Understanding when matplotlib tries to rebuild font-cache?

Hi,

I write to you to discuss a somewhat commonly enountered issue regarding font-cache and matplotlib:

/cle60up07/python/2.7.14/matplotlib/2.1.0/lib/python2.7/site-packages/matplotlib-2.1.0-py2.7-linux-x86_64.egg/matplotlib/font_manager.py:279: UserWarning: Matplotlib is building the font cache using fc-list. This may take a moment. 'Matplotlib is building the font cache using fc-list. '

However, I haven’t managed to find an answer specific to my question, which is – “When does matplotlib require building the font cache?” Some notes on how and where I am running my plot routine:

  1. I am running matplotlib/2.1.0
  2. I am running multiple instances of the routine that invokes matplotlib.pyplot on multiple nodes of a cluster.
  3. MPLCONFIGDIR is not set explicitly,
  4. I see a fontList.cache file in my ${HOME}/.matplotlib area.
  5. Of the 36 instances of the plot jobs running on 36 independent nodes, only 4 Nodes showed the above Warning message.

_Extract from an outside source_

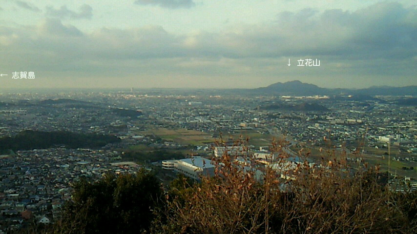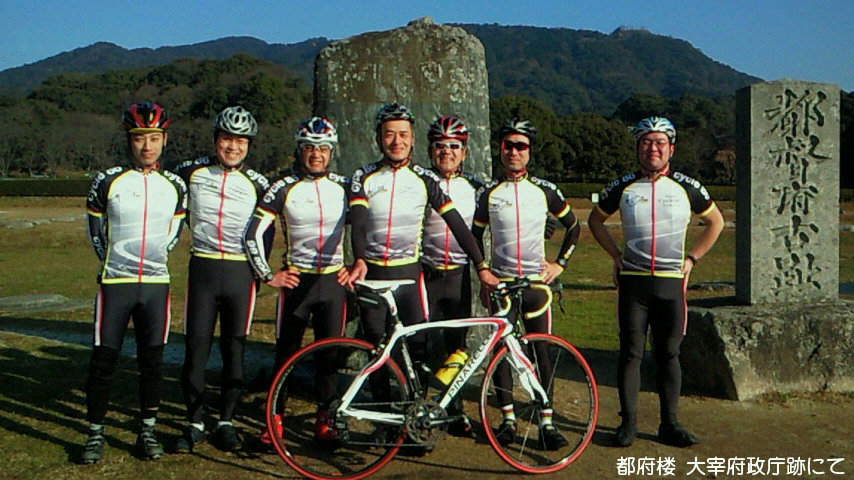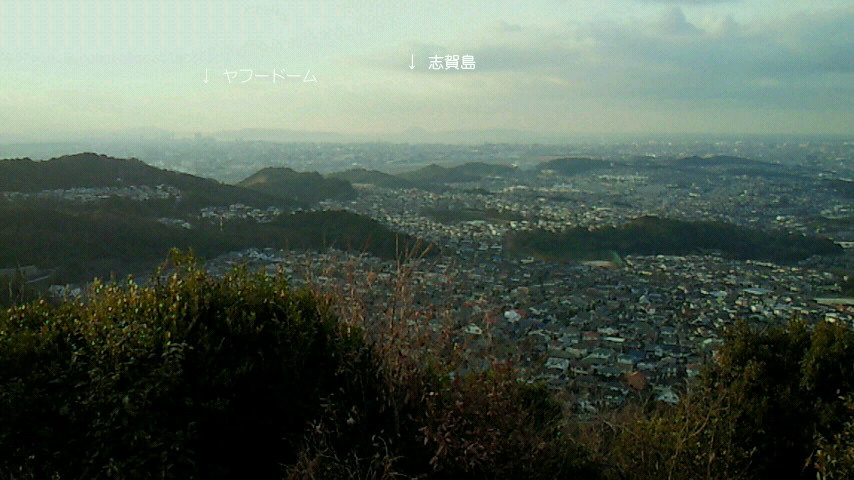 さて、サイクリング。17日 Team Cycle 86 新年第1回は参加10名。 揃いのチームウエアで都府楼跡を訪ねました。集合写真すぐ左手に柿の木2本。一本はほとんど実は残ってませんが、もう一本にはピンポン球より大きめの実が鈴なり!渋柿で鳥が食べないのでしょうか?それにしても好天下、冬の青空と柿の実の色の対比が印象的です。 22日、ヒマジンの特権。360度見晴らす絶景地ありの情報に、曇天の肌寒い中、宇美町井野山を目指します。ご紹介するのは玄界灘方向の眺めですが、反対山側の眺望もなかなかです。余裕なく井野山直行・直帰のツーリングでしたが、付近には樟の緑豊かな宇美八幡宮。次回探訪してご紹介します。

The trouble was these jobs went on for 18 hours after which it had to be killed forcefully to release the nodes back for use. These 4 jobs were by no means the first ones to have run on the cluster. In fact the earlier jobs ran fine without having to build the font-cache.

q1. One of the hypothesis is that multiple matplotlib.pyplot instances (running simultaneously) is trying to create/delete the font-caches leading to conflicts. Would you be surprised if this was to be the case?

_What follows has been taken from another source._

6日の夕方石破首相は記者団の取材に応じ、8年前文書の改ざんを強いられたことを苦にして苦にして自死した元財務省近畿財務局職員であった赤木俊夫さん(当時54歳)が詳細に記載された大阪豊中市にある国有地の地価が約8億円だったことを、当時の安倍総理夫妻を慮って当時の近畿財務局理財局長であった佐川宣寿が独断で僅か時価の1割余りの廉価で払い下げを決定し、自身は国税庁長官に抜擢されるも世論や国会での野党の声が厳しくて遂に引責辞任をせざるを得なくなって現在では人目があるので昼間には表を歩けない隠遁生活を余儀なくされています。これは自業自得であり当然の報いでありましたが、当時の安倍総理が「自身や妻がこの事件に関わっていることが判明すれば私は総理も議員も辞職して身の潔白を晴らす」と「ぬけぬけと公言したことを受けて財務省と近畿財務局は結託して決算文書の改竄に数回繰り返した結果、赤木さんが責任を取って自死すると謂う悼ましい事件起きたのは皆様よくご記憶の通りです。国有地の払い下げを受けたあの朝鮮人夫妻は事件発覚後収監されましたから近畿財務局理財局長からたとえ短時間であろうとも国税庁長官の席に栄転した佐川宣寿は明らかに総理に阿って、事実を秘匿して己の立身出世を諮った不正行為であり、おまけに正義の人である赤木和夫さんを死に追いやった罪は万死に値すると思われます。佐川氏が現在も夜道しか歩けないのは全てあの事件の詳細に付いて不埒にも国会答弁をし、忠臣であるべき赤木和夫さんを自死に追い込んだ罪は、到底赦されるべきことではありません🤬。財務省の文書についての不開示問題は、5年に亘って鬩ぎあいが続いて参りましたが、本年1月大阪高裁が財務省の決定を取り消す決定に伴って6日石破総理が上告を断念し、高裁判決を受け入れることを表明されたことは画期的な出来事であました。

q2. A workaround proposed is to define the environment variable MPLCONFIGDIR and point it to a /tmp directory local to the nodes (basically to the shared memory). Would you approve of this workaround?

q3. Personally, I suspect that ${HOME}/.matplotlib area could have momentarily been inaccessible for those nodes (transient issue). Would this not lead to the rebuilding of font-caches?

So my real question:

q4. What must have been the cause(s) in your opinion that could force Matplotlib to rebuild the font cache when in fact jobs preceding the ones showing the Warning, ran fine?

PS : I am unable to reproduce this issue. I have been running this code hundreds of times on various data sets since the last few years and never faced this problem. So I am a little perplexed why I saw this a few weeks ago on 4 nodes, and then again, I am unable to reproduce this issue!

Thanks,
wasim

This is certainly possible (although I guess it depends on what you mean by “temporarily inaccessible”.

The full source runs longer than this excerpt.